Their focus is on a measure intended to curb Illinois' venerable tradition of pay-to-play politics, a system under which major campaign contributors somehow or other seem to get lucrative state contracts. Current practitioners — most notably the Blagojevich Administration — argue it's all a coincidence, that there's no connection between big bucks for the campaign coffers and big bucks for the donor's bank account. Maybe so, but that's not the public perception, as anyone who regularly reads letters to the editor or political blogs knows.

Under the plan, business owners with more than $25,000 in state contracts would be barred from contributing to the officeholders awarding the contracts. In addition, contractors bidding on work worth $10,000 or more would be required to disclose contributions to the officeholder during the prior two years. A final provision would prohibit state officers, employees and their spouses from profiting from state contracts and bond sales.

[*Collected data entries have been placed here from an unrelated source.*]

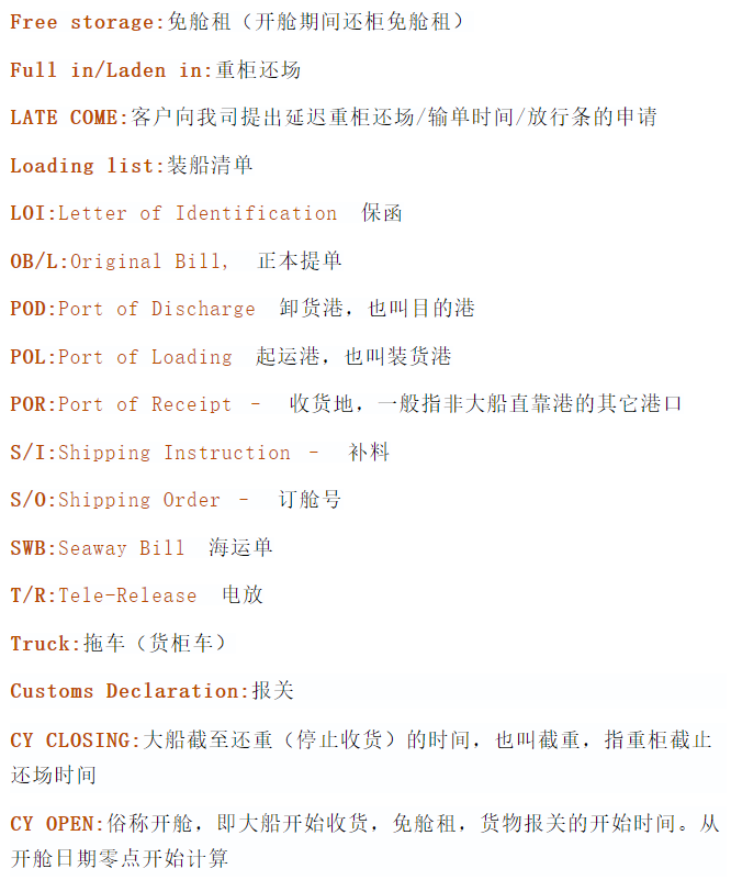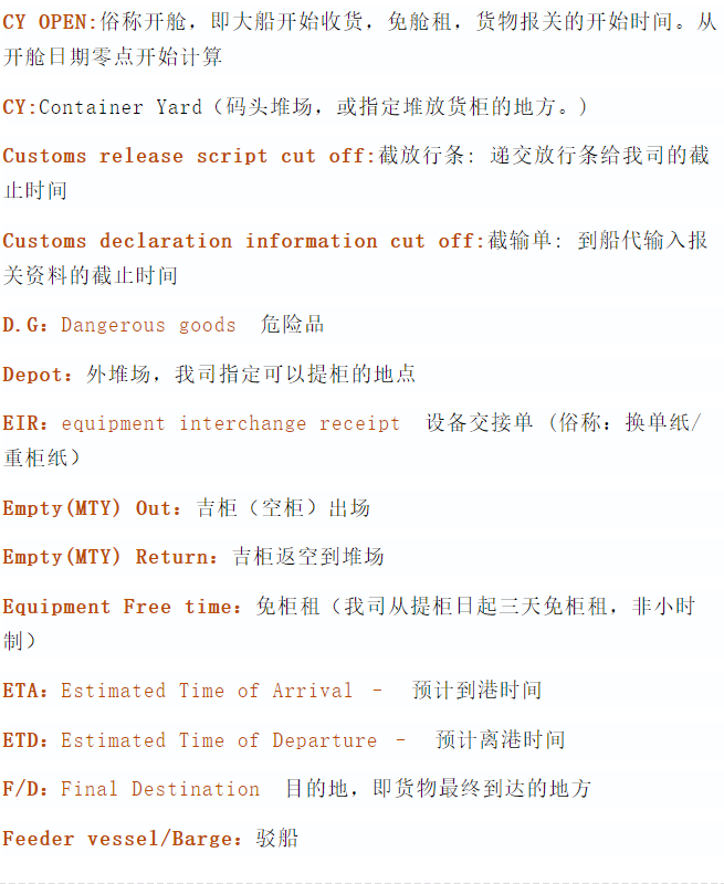 貨代、拖車、報關等相關英語解釋
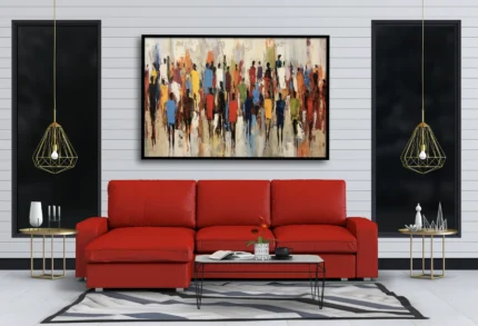 “La Marche des Couleurs” est une œuvre expressive et pleine de mouvement, représentant une foule de silhouettes humaines aux vêtements
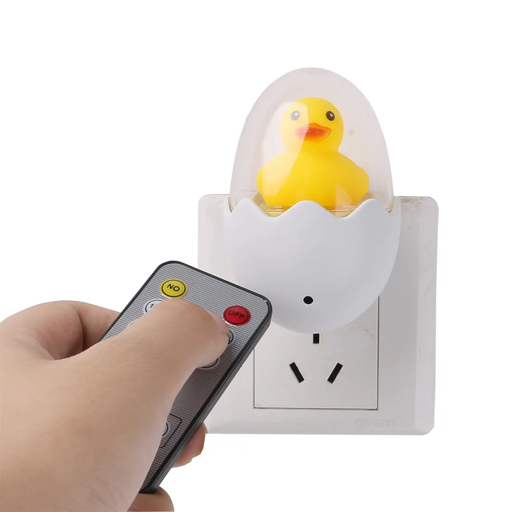Настенная лампа в розетку, США, ЕС, светодиодный ночник, светильник AC 110-220 В, светильник с дистанционным управлением, желтая утка, лампа для спальни, подарок для детей, милый

The proposal, HB 1, cleared the House on April 25 by a 116-0 vote — the other two representatives had excused absences for the day — and moved to the Senate, where 46 of the 59 senators have signed on as co-sponsors. In addition, five of the six constitutional officers — everyone but the governor — have endorsed the legislation, so one would assume its passage was pretty much a slam dunk.

One would be mistaken, however. The bill landed in the Senate Rules Committee, which must clear legislation for further action, where it has languished for more than four months. The roadblock is Jones, who controls the Rules Committee and decides whether legislation advances. Officially, the Jones camp says the president wants stronger legislation and is working on more sweeping reforms, but the suspicion is that the Senate president has bottled up the bill because his ally Blagojevich does not want any restrictions placed on his formidable ability to raise campaign cash.

A cynical view unfair to Jones and Blagojevich? Perhaps, but one easily countered if Jones allows a vote on the measure and saves further reform for a later day.

"Legislators need to take a look at themselves and say, 'What can we do to restore a sense of public trust?'" says Cindi Canary, director of the Illinois Campaign for Political Reform, a long-time advocate for good government. "This bill won't solve every problem, but if they don't do something, it will be fairly unforgivable." 


Charles N. Wheeler III is director of the Public Affairs Reporting program at the University of Illinois at Springfield.

Illinois Issues, September 2007

The former director of the Public Affairs Reporting (PAR) graduate program is Professor Charles N. Wheeler III, a veteran newsman who came to the University of Illinois at Springfield following a 24-year career at the Chicago Sun-Times.